Logo Correio Braziliense
Crítica

Leia crítica do filme sobre uma suburbana contra o tráfico: é Vitória

Filme protagonizado por Fernanda Montenegro conta a história de uma mulher comum que enfrenta o crime organizado no Rio de Janeiro

Crítica // Vitória ★★★

"Dá nada, não" é uma das respostas jogadas ao vento, em um batalhão carioca, quando uma grave denúncia sobre crimes é feita pela idosa Nina (Fernanda Montenegro), bem antes de a "chapa ficar quente" em frente à ladeira da Misericórdia, na Zona Sul, em que mora. Numa cena discreta, o filme de Andrucha Waddington mostra a relevância da mente de Joana da Paz, a personagem em que o roteiro se baseou, capaz de remodelar parte da violência do tráfico: num testemunho inspirado, Nina (com a discrição de Montenegro) trata de seu testamento na passagem do tempo — ela já era habitante quando o morro à frente de sua janela era "uma floresta". O filme se passa em 2005 e vem baseado em dados reais.

Os tempos são outros, e "o dono do morro" agora "conhece" a cidadã de mais de 90 anos, protagonista do filme que tem roteiro de Paula Fiuza. Nina foi escondida pela vida: não recebe nada de correspondência e menos ainda mensagens na secretária eletrônica. Com os nervos à flor da pele, resiste aos tiroteios como pode, ora dentro da banheira, ora atirada ao chão. Para além das noites sem dormir, ela comanda a vida, sozinha, no vazio da existência e à reboque de sua rabugice; exigente, não dá refresco a sermões e a atitudes impulsivas, como a da bolsada no carro que a ameaça. Pelas brechas das persianas, ela entrevê a realidade dura ("gravada e sacramentada", em capturas de vídeo que registra como prova). Em lugar da própria segurança, Nina zela mais pela sua integridade de cidadã.

Nas pequenas lições, declara guerra à opressão e à rispidez de terceiros. Em certa medida, o longa nacional se aproxima da linguagem de Sebastián Lélio, quando ele vasculhou a vida de Gloria Bell (na versão com Julianne Moore). Descrita no livro Dona Vitória Joana da Paz (do repórter policial Fábio Gusmão, no filme, interpretado por Alan Rocha), a personagem central ameaça ir a bingo, mas recua, dada a ilegalidade e, entre uma ação de X-9 (como é descrita) e outra, toma parte de uma matinê dançante, com a vizinha Bibiana (Linn da Quebrada, bastante expressiva).

Num filme com andamento muito convencional são as atitudes atípicas e exasperadas de Vitória que dão sustento ao enredo. Nisso, Fernanda é comedida e coerente.

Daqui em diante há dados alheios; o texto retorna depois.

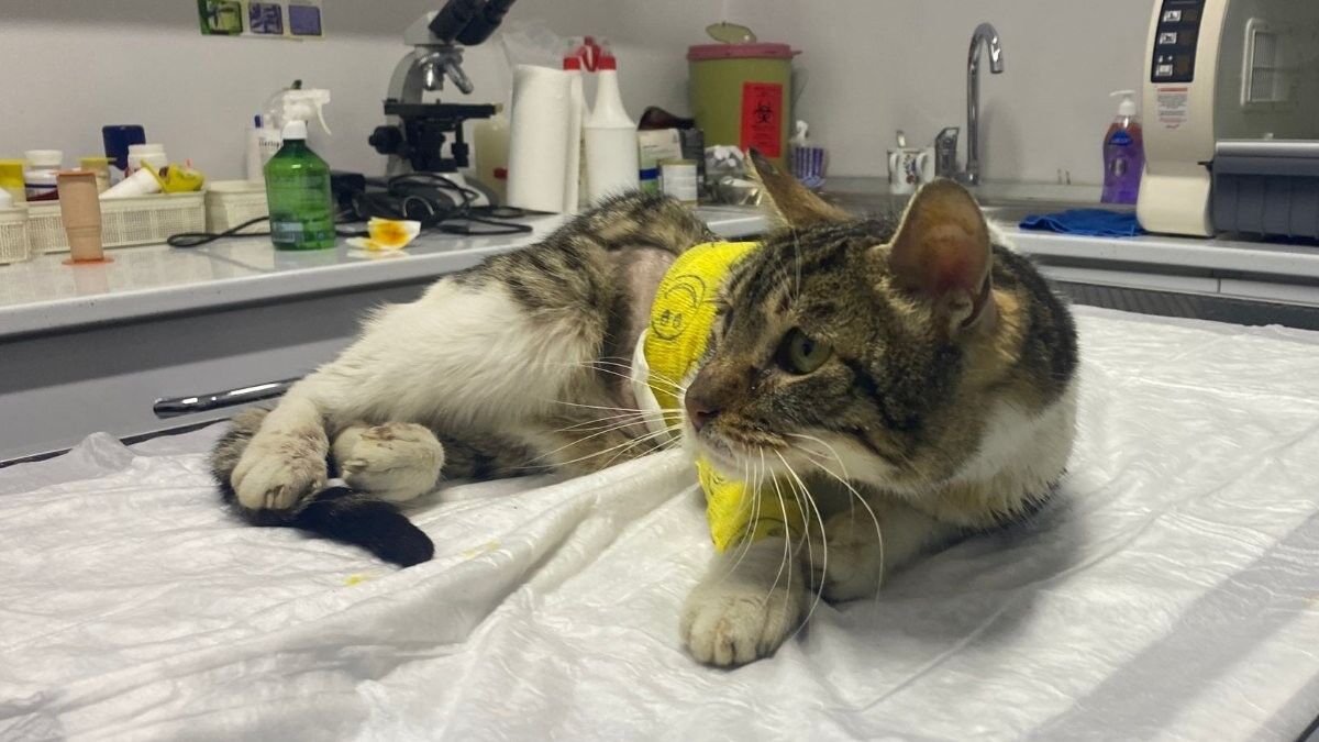 Yaralanan kediyi ise bir hayvansever buldu.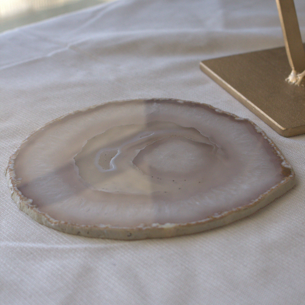 Esse pratinho de ágata com um desenho natural que lembra lua, pode ser usado como porta-joias, apoio para velas ou cristais, suporte para pequenos itens no lavabo ou até mesmo como um detalhe decorativo especial na mesa de trabalho. Cada peça é única em cor, formato e desenho natural, levando equilíbrio e harmonia para o ambiente.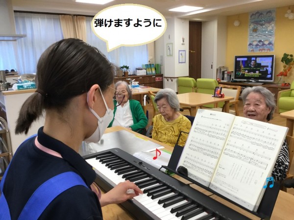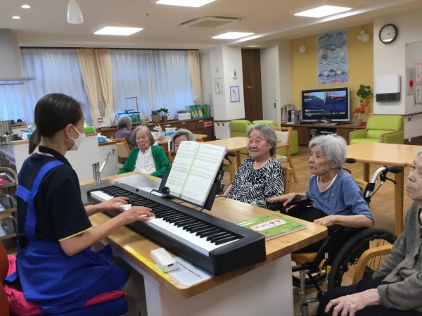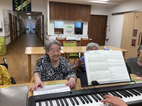 この電子ピアノは、職員がホームに皆さんと一緒にできたらと持ってきてくれた物なんです♡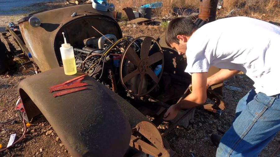 În ciuda vârstei mașinii, uleiul scurs era încă destul de lichid și nu avea amestec de apă. Bujiile au fost scoase fără probleme, după care cilindrii și carterul au fost umpluți cu motorină, iar apoi cu ulei Marvel Mystery și, în final cu lichid de frână.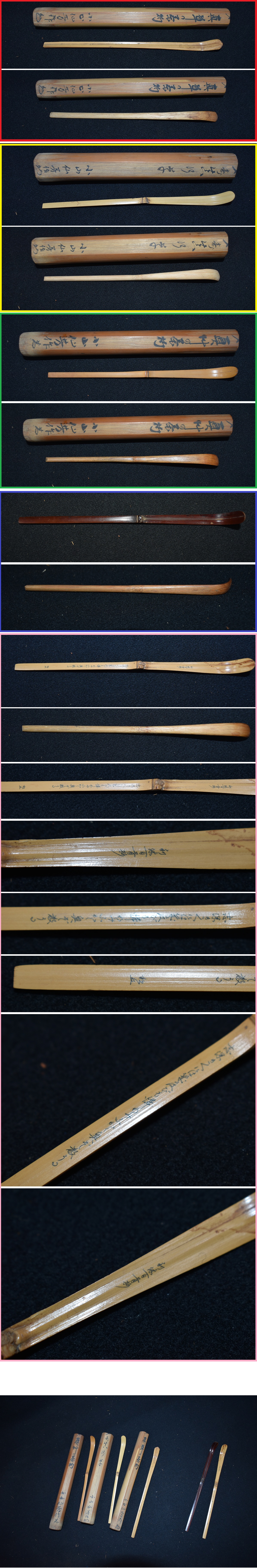 茶杓・5本セット 小山仙芳(花押) 千利休の歌彫・珍品の茶杓・繊細な彫・彫刻 煤竹 時代物 茶道具 煎茶 抹茶 在銘品 收藏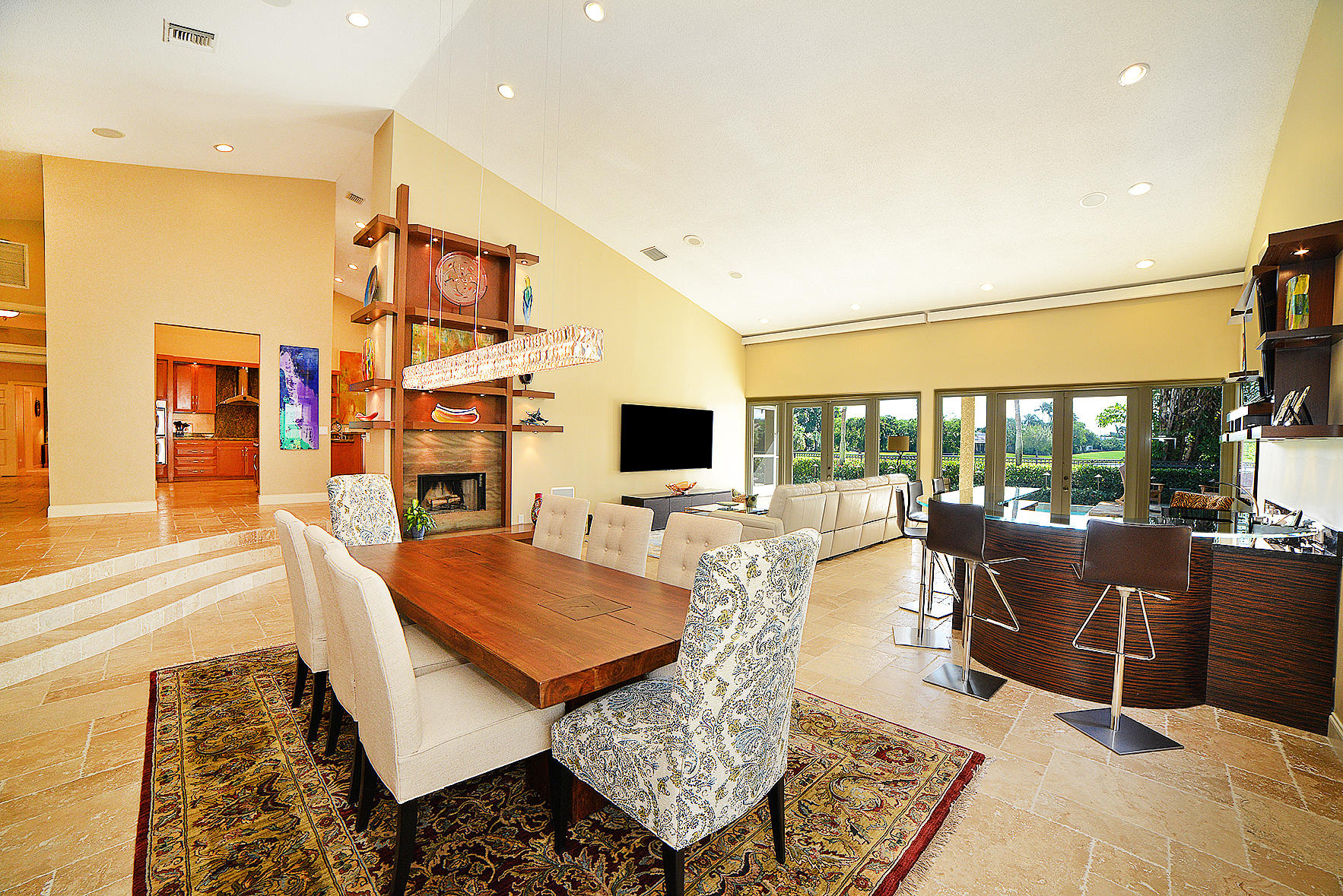 Spectacular Golf Course Estate with six bedrooms and two offices situated on a quiet street with stunning lake and golf views. This floor plan is perfect for entertaining with a spacious living and dining room area and a one of a kind fireplace and bar. There is a screened-in porch with scenic view overloooking a pool with Jerusalem stone patio, waterfall and firepit. The grand entry-level Master Suite includes a sitting room with views of the pool, lake and golf course. Two separate bedroom suites and two offices/bonus rooms in the other wing complete the first floor. The second floor boasts three additional bedrooms and two baths. The perfect house for entertaining, whether for large families or for families with grandchildren. Move-in ready, just bring your toothbrush.

Num dos momentos de humor (enxertado no roteiro), a massoterapeuta coloca "meliante para andar", depois de um cerco com sete bandidos. A quintessência da democracia, Nina brada que "a rua é de todo mundo", defende e se afeiçoa por um menino em situação de vulnerabilidade e, entre rompantes, quando é pega, espionando da janela, por binóculos, revida, numa cusparada de ódio contra abusos e violências. "O tráfico não trabalha sozinho", como é dito no filme, e Dona Nina muito bem sabe disso.